Short history of Baltimore
Founded in 1724, Baltimore is the largest city in Maryland and one of the largest seaports on the eastern seaboard of the United States. The city is named after Cecilius Calvert, Lord Baltimore, a member of the Irish House of Lords and founder of the colony of Maryland in 1634. Baltimore also played a large role in the American Revolution and the War of 1812, both of which were fought against Great Britain. In 1814, United States forces at Ft. McHenry in Baltimore successfully defended Baltimore City from a British naval attack. Witnessing the battle while aboard a British ship, Maryland lawyer, Francis Scott Key, wrote the poem ‘The Start Spangled Banner” after seeing the huge American flag flying the morning after the naval bombardment. The poem was put to music and became the national anthem in 1931. Baltimore also played a large role in the Civil War as the first shots of the Civil War were fired in Baltimore during a riot in 1861. For more about the history of Baltimore and historical sites to visit around the city, please visit here and Baltimore Heritage. From UMBC, Baltimore is best accessed by UMBC Transit’s Downtown Line.

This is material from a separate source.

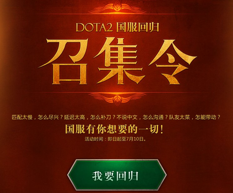 DOTA2国服回归召集令是外服老玩家回归国服的有效途径,玩家只要拥有DOTA2外服全球体验资格,同时游戏账号的游戏时间满足当前阶段的回归条件,那么该玩家即可在回归页面填写申请资料后百分之百的获得DOTA2国服VIP测试员资格。值得注意的是,目前只有拥有DOTA2全球体验资格的外服玩家才能顺利回归哦!

Catonsville was historically a midway rest stop between Baltimore City and Ellicott City during the 1800s. In the late parts of the 19th century and early parts of the 20th century, Catonsville was established as a lovely place to retreat from Baltimore’s sweltering summer heat. Wealthy Baltimoreans began to build large Victorian and Colonial homes in the area as summer residences, many of which still remain today. Catonsville is also very popular for its community events and its famous 4th of July Parade. Many UMBC faculty, staff, and students reside in Catonsville. It can be best accessed by using UMBC Transit.
Arbutus is a town adjacent to UMBC. The MARC Train Penn Line (servicing Baltimore and Washington, D.C.) has a station in Arbutus. Arbutus contains a movie theater, a barber shops, several international restaurants, and a local farmer’s market on Thursdays from 2:30pm-6:30pm. Many UMBC students reside in Arbutus because of its walking proximity to UMBC and it can be accessed by both the UMBC Arbutus and Halethorpe shuttle lines.